There's no doubt that Aidan O'Brien felt personally let down by Fallon, having done so much to help him and keep his job open during the first drugs ban. "When Kieren joined us we all understood he had addiction problems," he says with painful sincerity. "Yet everyone at Coolmore always backed him 100 per cent of the way." What about the future? Does he really believe Fallon can come back, as he has done repeatedly in the past, and ride again at the highest level? "He may be able to," he concedes after a lengthy pause. "But it's going to be a long, hard road."

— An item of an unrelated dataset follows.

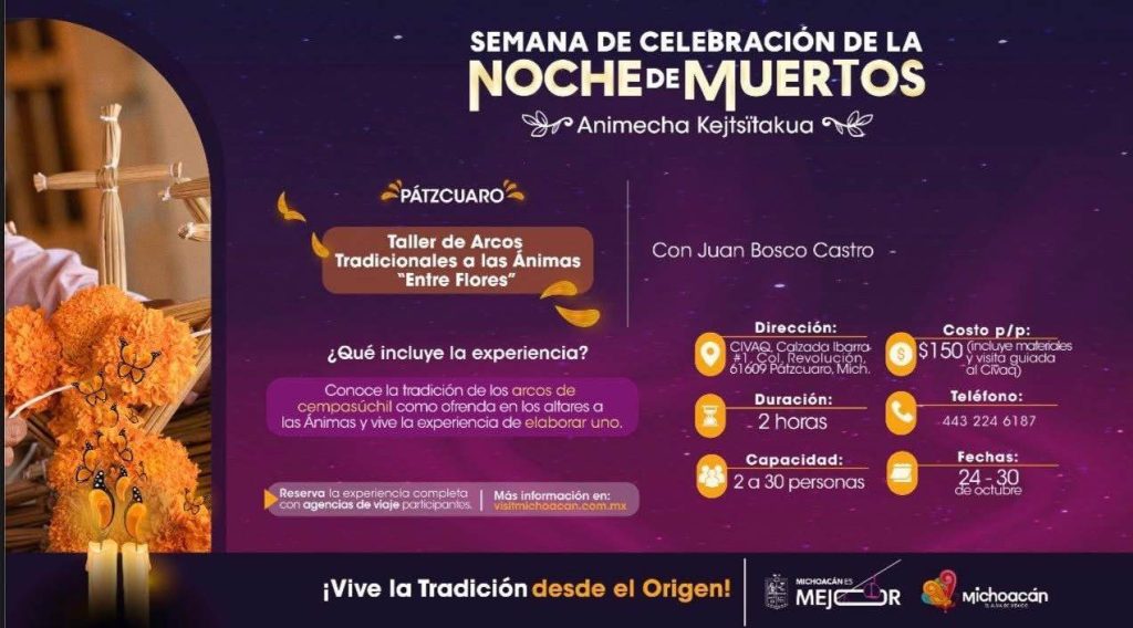 Entre ellos se encuentra el de Arcos Tradicionales a las Ánimas “Entre Flores”, que se realiza en las instalaciones del Centro de Interpretación Vasco de Quiroga (Civaq) en Pátzcuaro, ubicado en calzada Ibarra 1, colonia Revolución, donde antes se encontraba la estación del tren.

If you were to conduct a poll of the punters packed on to the Downs at Epsom yesterday or watching the Derby in their local betting shop, the vast majority would probably say they want to see Fallon riding again – and the sooner, the better. But then real racing fans, many of whose lives are far from being unblemished studies of tranquillity and perfection, are more sophisticated on this issue than some of the press-room judges who claim to speak on their behalf. They don't want jockeys to be cocaine addicts and they don't want them stopping horses for money. But they understand that in Newmarket, as in the world outside, most people are not all good or all bad but painted in various shades of grey.

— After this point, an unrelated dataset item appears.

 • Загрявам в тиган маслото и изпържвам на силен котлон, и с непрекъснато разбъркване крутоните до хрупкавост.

Discovering that Kieren Fallon was faced with a range of temptations to which he sometimes succumbed hasn't made fans abandon the racecourses in droves. Neither did race-goers desert Epsom in the 1980s because of Lester Piggott's imprisonment for tax evasion or Walter Swinburn's eating and drinking disorders.

The earnest belief that, for the sake of its image, racing must be cleansed of all flawed and complex characters is anathema to a man such as Sir Peter O'Sullevan, wisest voice of an earlier generation. O'Sullevan, 90 this year, has consistently named Piggott and the fun-loving Aussie Johnstone as two of his greatest racing heroes; and Johnstone's problem wasn't drugs or booze but betting. "He gambled his way into poverty," wrote O'Sullevan elegantly in 2005, "and rode his way out again." Maybe like Piggott, Swinburn and Fallon, it was precisely that willingness to embrace danger and live life on the edge that distinguished Johnstone in a race from honourable, but less gifted, colleagues. Rae Johnstone died in 1964. Walter Swinburn retired eight years ago and has been building a successful second career as a trainer. And Lester Piggott emerged unbowed from his incarceration and went on to experience one of his finest hours in October 1990, winning the Breeders' Cup Mile on Royal Academy at Belmont Park, New York. Kieren Fallon is determined to emulate him.

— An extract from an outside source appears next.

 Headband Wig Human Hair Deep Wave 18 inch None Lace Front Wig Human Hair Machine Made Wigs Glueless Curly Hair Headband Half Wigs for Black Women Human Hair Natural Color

The jockey certainly looks fit and well on the gallops and has been seen in the company of the talented and glamorous female rider Kirsty Milczarek. He's separated from his wife but remains close to his young children, whom he adores.

He's also started his own website offering subscribers regular updates on the good horses he's been exercising and his informed thoughts on the major races. He's kept a sense of humour, too, and has compared the internal enquiries conducted by the police and the racing authorities into their handling of his £13m trial fiasco with the episode of Blackadder Goes Forth in which Stephen Fry's General Melchett tries Rowan Atkinson's Blackadder for murdering his favourite carrier pigeon.

More seriously, he wishes to assure everyone that he's "a born winner... and losing is not a part of my genetic make-up. I always have and will always continue to give 100 per cent in everything that I do."

Not next summer, then, but maybe the one after that, Kieren Fallon will once more quicken the pulse and set hearts racing on Epsom Downs.